We have to make the preparation now, before we are imprisoned. In prison you lose everything. You are undressed and given a prisoner’s suit. No more nice furniture, nice carpets, or nice curtains. You do not have a wife any more and you do not have your children. You do not have your library and you never see a flower. Nothing of what makes life pleasant remains. Nobody resists who has not renounced the pleasures of life beforehand.

Richard Wurmbrand, Preparing the Underground Church

Quoted by John Piper, Let the Nations Be Glad!, p 79

prayers and pains

One of those hope-filled Puritans who crossed the Atlantic in 1631 was John Eliot. He was twenty-seven years old and a year later became the pastor of a new church in Roxbury, Massachusetts., about a mile from Boston. But something happened that made him much more than a pastor.

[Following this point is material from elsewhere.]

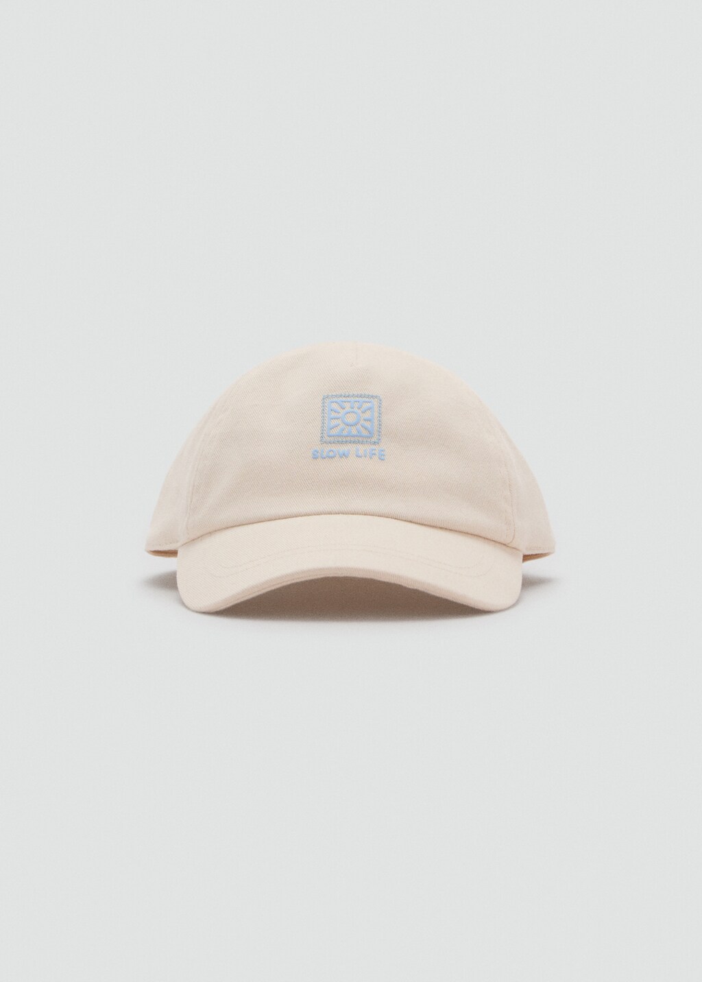 100% Cotton. With a visor. Relief drawing. No Fastening. Elastic ruching. Embroidered detail.
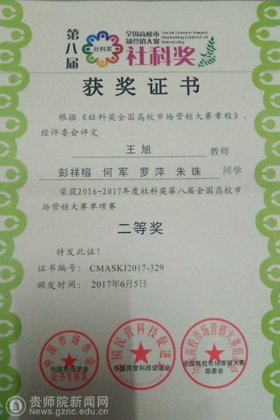 本网讯 2016-2017年度社科奖第八届全国高校市场营销大赛单项赛终于落下帷幕,该大赛由中国社会科学院财经战略研究院指导,中国市场学会主办。beat365经济与政治学院教师王旭指导的奔跑野草盟和King两支团队荣获社科奖第八届全国高校市场营销大赛单项赛二等奖。

According to Cotton Mather, there were twenty tribes of Indians in that vicinity. John Eliot could not avoid the practical implications of his theology. If the infallible Scriptures promise that all nations will one day bow down to Christ, and if Christ is sovereign and able by his Spirit through prayer to subdue all opposition to his promised reign, then there is good hope that a person who goes as an ambassador of Christ to one of these nations will be the chosen instrument of God to open the eyes of the blind and to set up an outpost of the kingdom of Christ.

And so when he was slightly over forty (not twenty but forty!) years old, Eliot set himself to study Algonquin. He deciphered the vocabulary, grammar, and syntax and eventually translated the entire Bible as well as books that he valued such as Richard Baxter’s Call to the Uncoverted. By the time Eliot was eighty-four years old, there were numerous Indian churches, some with their own Indian pastors. It is an amazing story of a man who once said, “Prayers and pains through faith in Christ Jesus will do anything!”